:: Task description ::
Copy exactly, beginning with the line holding "poco de sal." and ending with the final line of the data beneath this task; copy nothing else, and leave out every picture.

:: Information shown ::
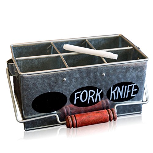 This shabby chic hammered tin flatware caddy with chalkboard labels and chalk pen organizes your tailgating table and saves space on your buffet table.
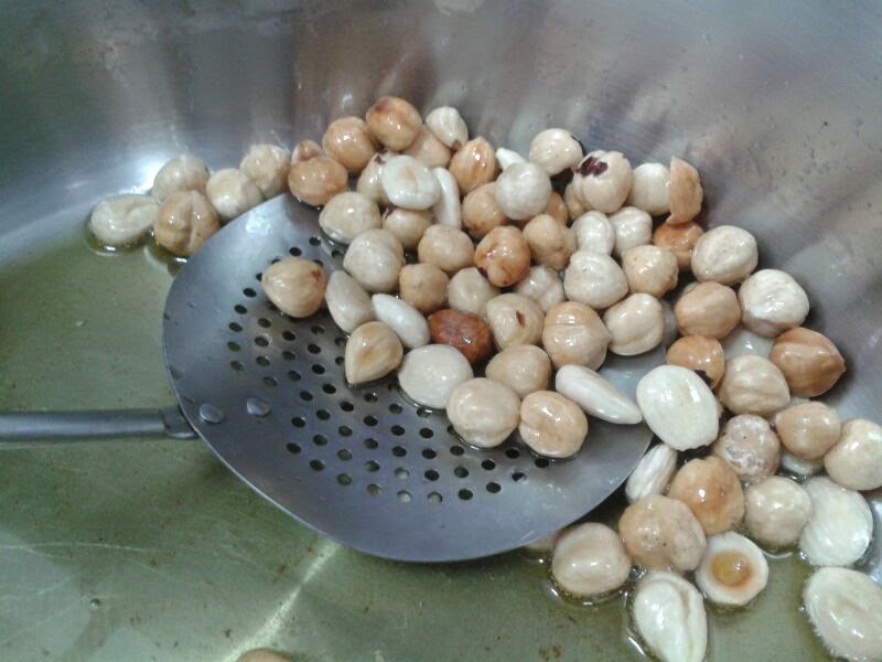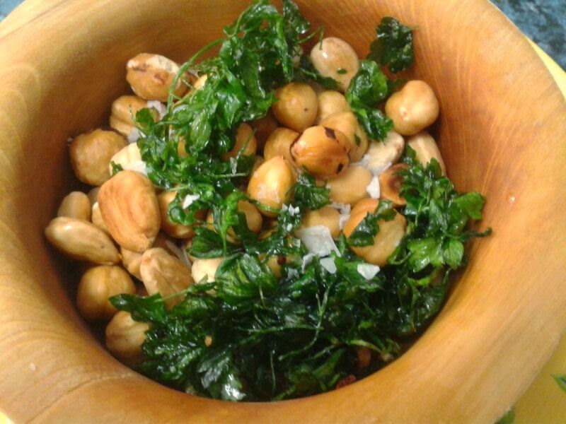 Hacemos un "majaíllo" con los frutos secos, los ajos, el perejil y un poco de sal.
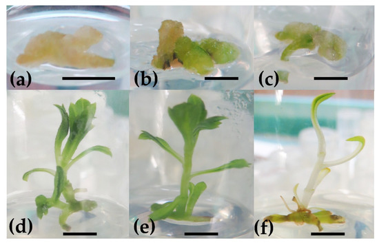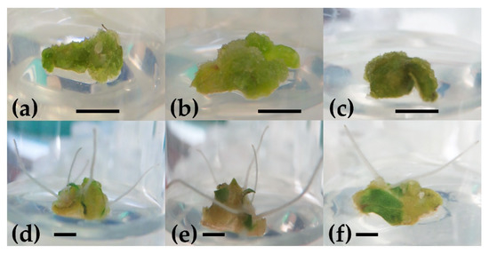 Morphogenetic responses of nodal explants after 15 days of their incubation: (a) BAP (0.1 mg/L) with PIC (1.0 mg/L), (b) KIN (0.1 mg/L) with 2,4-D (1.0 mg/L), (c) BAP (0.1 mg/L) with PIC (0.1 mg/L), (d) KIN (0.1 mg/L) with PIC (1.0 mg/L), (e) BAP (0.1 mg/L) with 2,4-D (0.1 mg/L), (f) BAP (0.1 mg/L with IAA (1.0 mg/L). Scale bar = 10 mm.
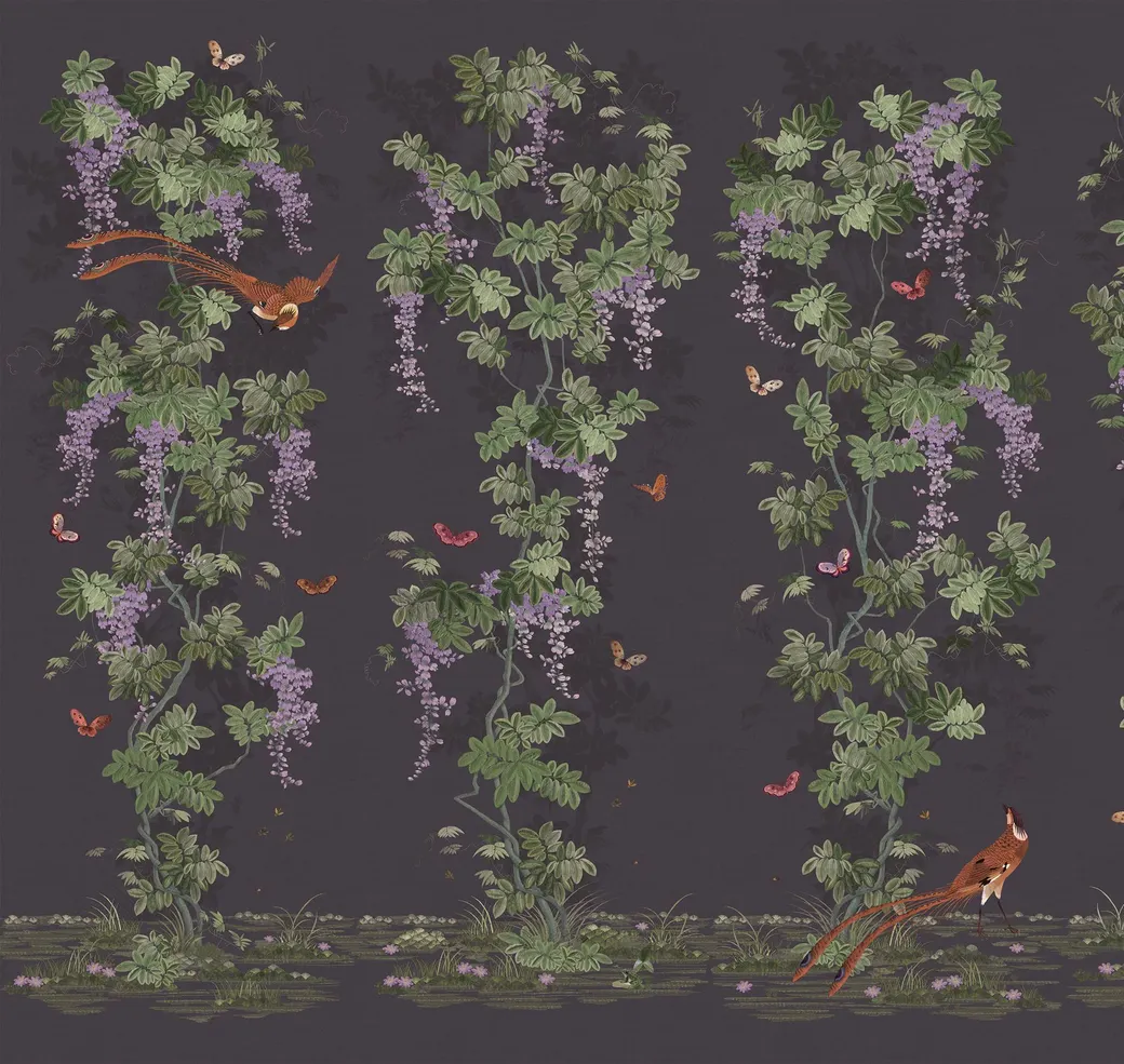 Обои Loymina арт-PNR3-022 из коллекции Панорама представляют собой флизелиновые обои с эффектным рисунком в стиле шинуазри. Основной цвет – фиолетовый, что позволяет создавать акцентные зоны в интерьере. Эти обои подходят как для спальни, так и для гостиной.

:: Response to the exercise ::
 Hacemos un "majaíllo" con los frutos secos, los ajos, el perejil y un poco de sal.
 Morphogenetic responses of nodal explants after 15 days of their incubation: (a) BAP (0.1 mg/L) with PIC (1.0 mg/L), (b) KIN (0.1 mg/L) with 2,4-D (1.0 mg/L), (c) BAP (0.1 mg/L) with PIC (0.1 mg/L), (d) KIN (0.1 mg/L) with PIC (1.0 mg/L), (e) BAP (0.1 mg/L) with 2,4-D (0.1 mg/L), (f) BAP (0.1 mg/L with IAA (1.0 mg/L). Scale bar = 10 mm.
 Обои Loymina арт-PNR3-022 из коллекции Панорама представляют собой флизелиновые обои с эффектным рисунком в стиле шинуазри. Основной цвет – фиолетовый, что позволяет создавать акцентные зоны в интерьере. Эти обои подходят как для спальни, так и для гостиной.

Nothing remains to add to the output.